# Filmstripe bearbeiten!?



## spinchmeister (14. März 2005)

Und zwar habe ich einen Filmstripe in Adobe Premiere erstellt...diesen dann mühsamst im Photoshop bearbeitet...doch wie kann ich ihn wieder als filmstripe speichern, sodass er wieder von premiere erkannt wird!?

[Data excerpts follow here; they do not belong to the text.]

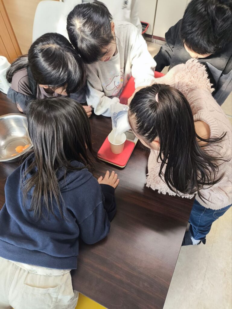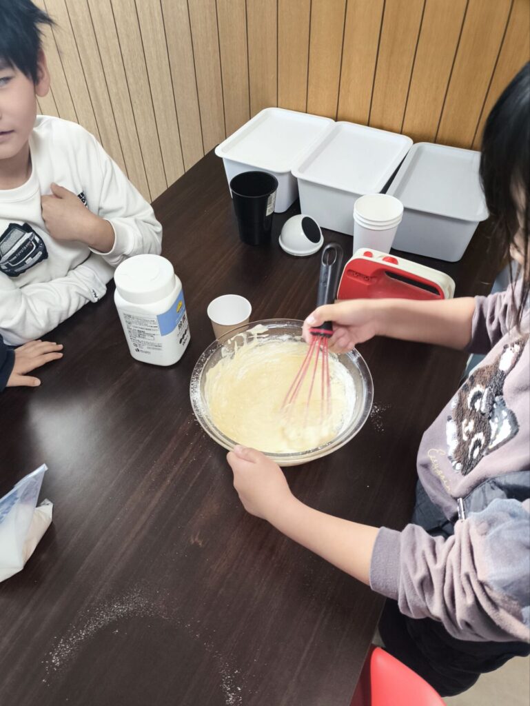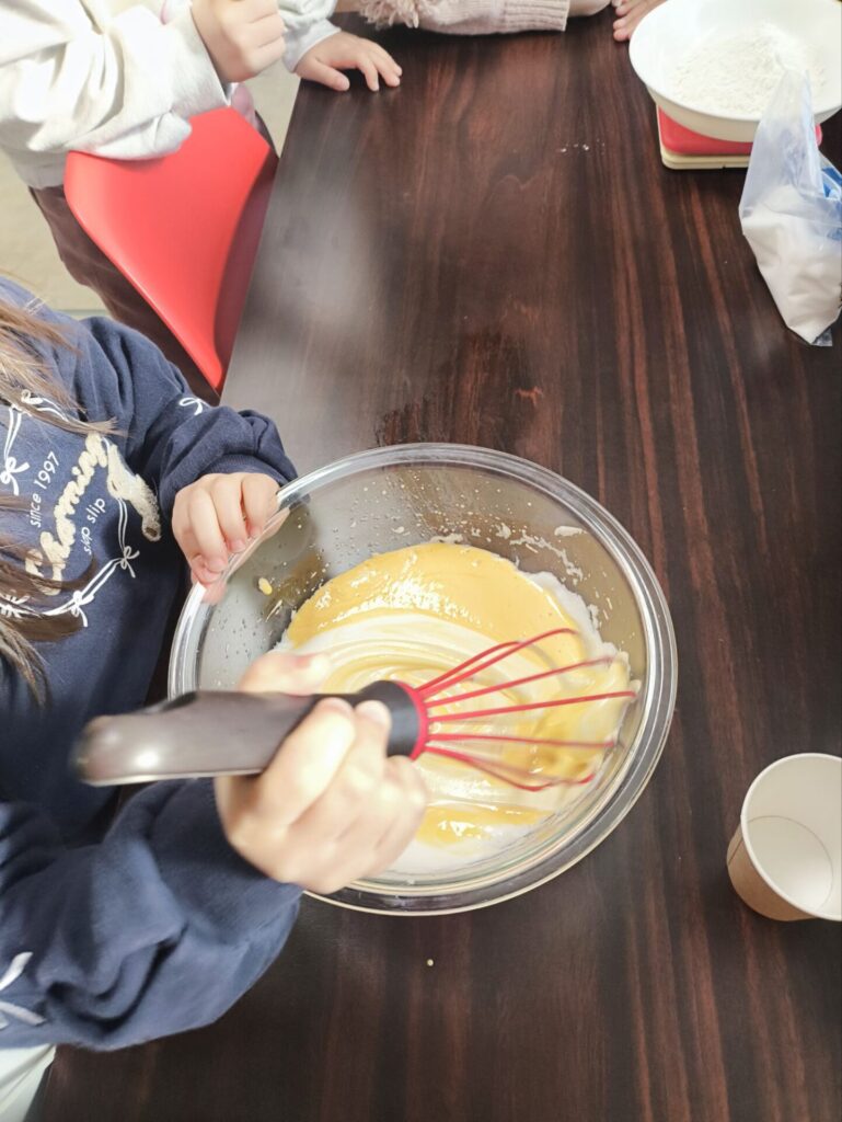 「みんなで順番に混ぜたい!」という声に、メレンゲは幻となりましたが...子どもたちが楽しそうなら良し!😊
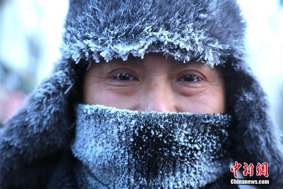 黑河出现近零下40度严寒天气 市民满脸冰霜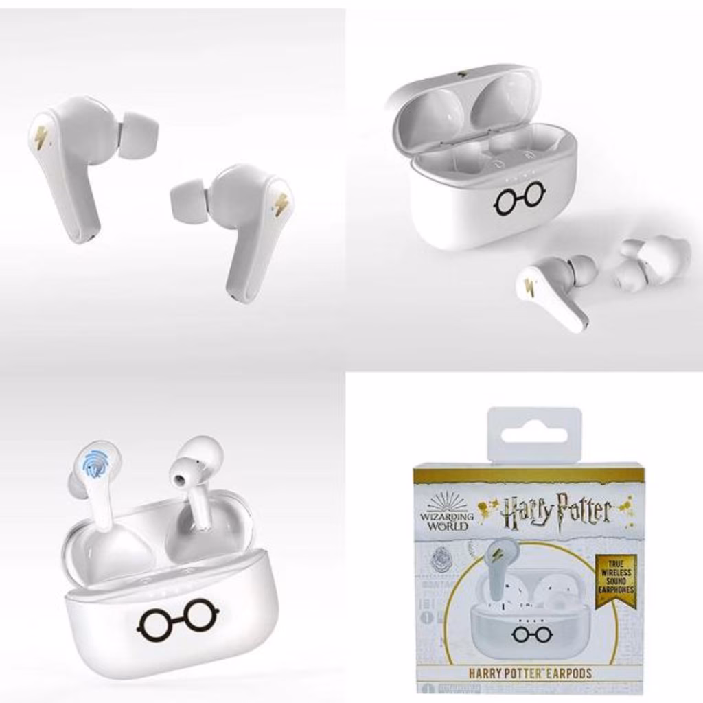 Mantieni tutti i tuoi incantesimi magici con questi fantastici auricolari TWS di Harry Potter, con gli occhiali di Harry e la cicatrice dorata a forma di fulmine sulla parte anteriore della custodia di ricarica wireless e la cicatrice in lamina d'oro su ciascun auricolare per stupire i tuoi amici maghi.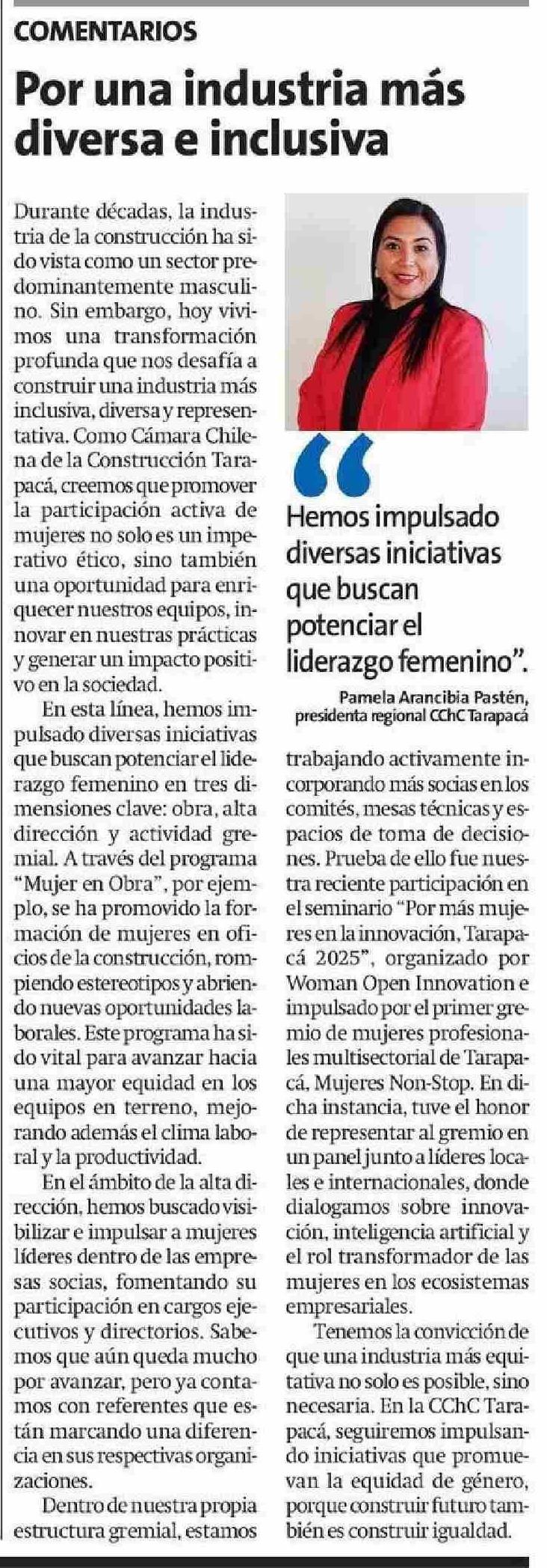 Por una industria más diversa e inclusiva 11-06-2025 La Estrella de Iquique |

Edit: Habs doch geschafft..doch es kommt die Meldung:
"Konnte nicht speichern unter..., weil ein Problem mit der Dateiformatmodul-Schnittstelle aufgetreten ist."


----------



## 27b-6 (15. März 2005)

Moin!

Ich vermute mal, daß Du die Farbtiefe in PS mit 16 Bit abgespeichert hast.
Stelle in Bild-Modus auf 8 Bit, speichere ab und porbiere es nochmal.


----------



## spinchmeister (15. März 2005)

nein, leider liegt es nicht an dem...natürlich entstand gleich ein neues Problem...
und zwar habe ich meinen .flm-filmstripe als .psd abgespeichert!
das Problem ist nur, ich krieg die Datei natürlich auf..aber im speichern-modus kann ich keine .flm datei mehr auswählen..ganz schön deprimierend, wenn ich so lange an so ner kleinen Sache sitze


----------



## blount (15. März 2005)

Hi spinchmeister,

ich weiss nicht wieso dies bei dir so ein
grosses Problem darstellt.

Ich habe deinen Arbeitsvorgang bei mir einmal
ausprobiert und es funktioniert wunderbar
ohne Fehlermeldungen und Probleme!



> und zwar habe ich meinen .flm-filmstripe als .psd abgespeichert!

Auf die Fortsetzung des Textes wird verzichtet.